- SOURCE DATA -
BEGIN
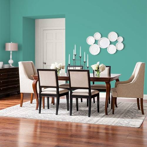 For a dramatic dining room, use this exciting midtoned green. Add luxurious golds for a harmonious setting.
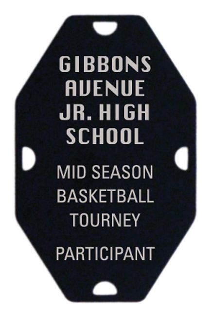 Description: Decorating is for illustration purposes only and is not included in the price. All medal backs can be engraved. Street Tags are aluminum and engrave silver. Except where noted back of Street Tags are all black in colour.
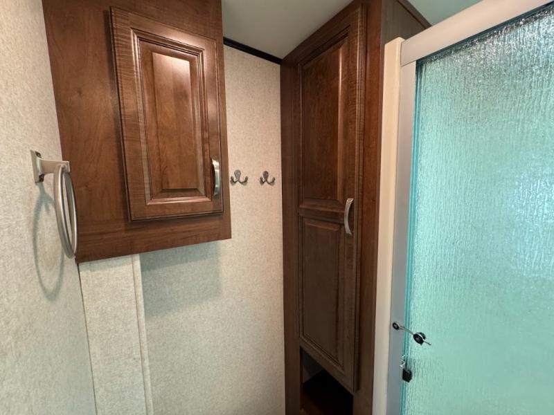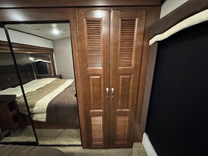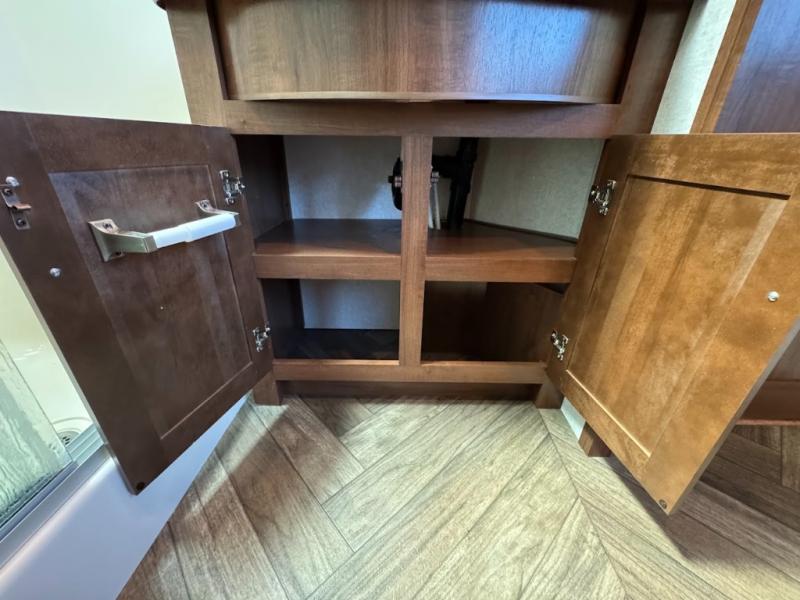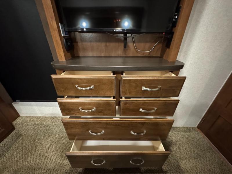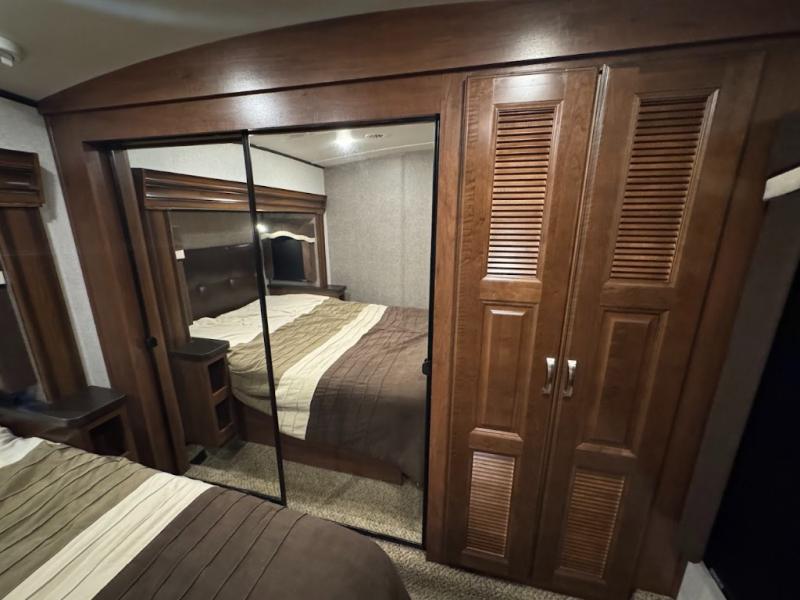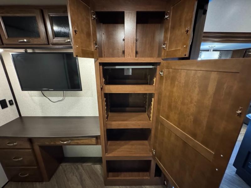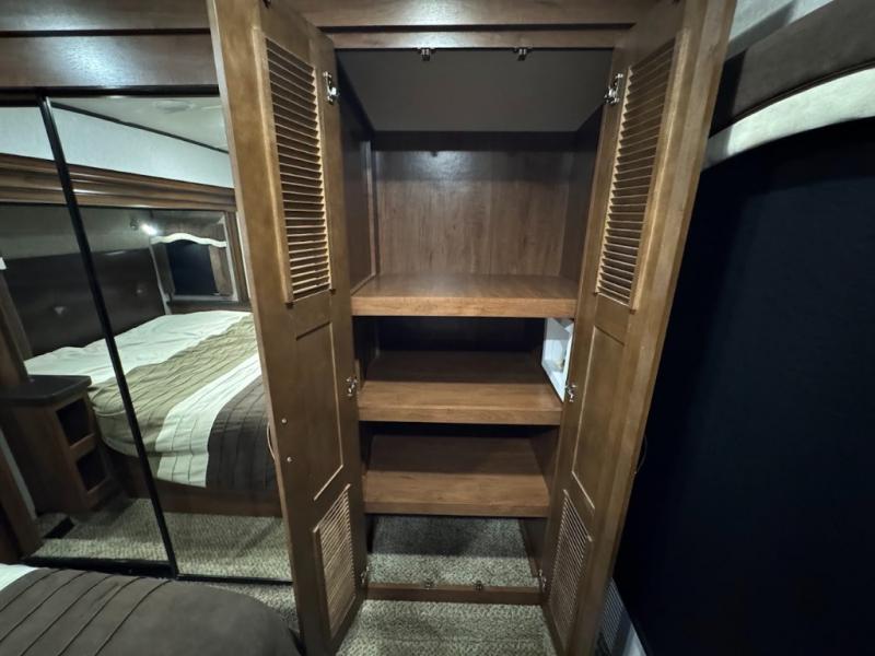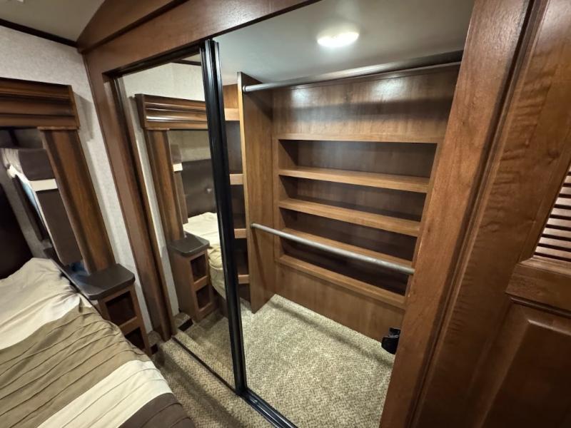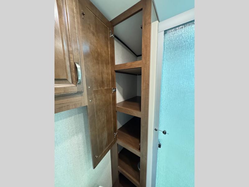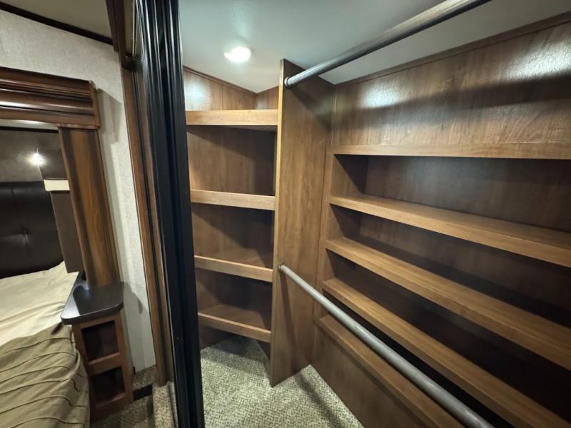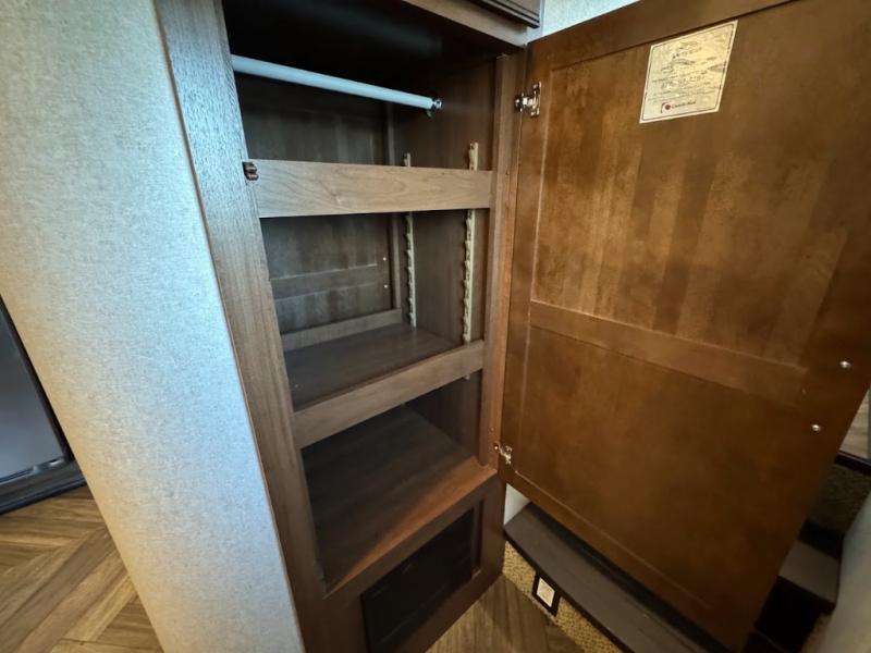 At the end of the hall enter the bedroom where you can rest comfortably on a queen slide out bed with shelf on each side. You can choose a king size bed if you like. There is a chest of drawers opposite with TV above, and a walk-in closet for all of your hanging clothes along the front all. You will also love the additional storage closet where you can add a washer and dryer if you choose.
END
- WHAT TO DO -
Repeat the data verbatim through the "Description: Decorating is" line, no pictures.

- WORKED SOLUTION -
 For a dramatic dining room, use this exciting midtoned green. Add luxurious golds for a harmonious setting.
 Description: Decorating is for illustration purposes only and is not included in the price. All medal backs can be engraved. Street Tags are aluminum and engrave silver. Except where noted back of Street Tags are all black in colour.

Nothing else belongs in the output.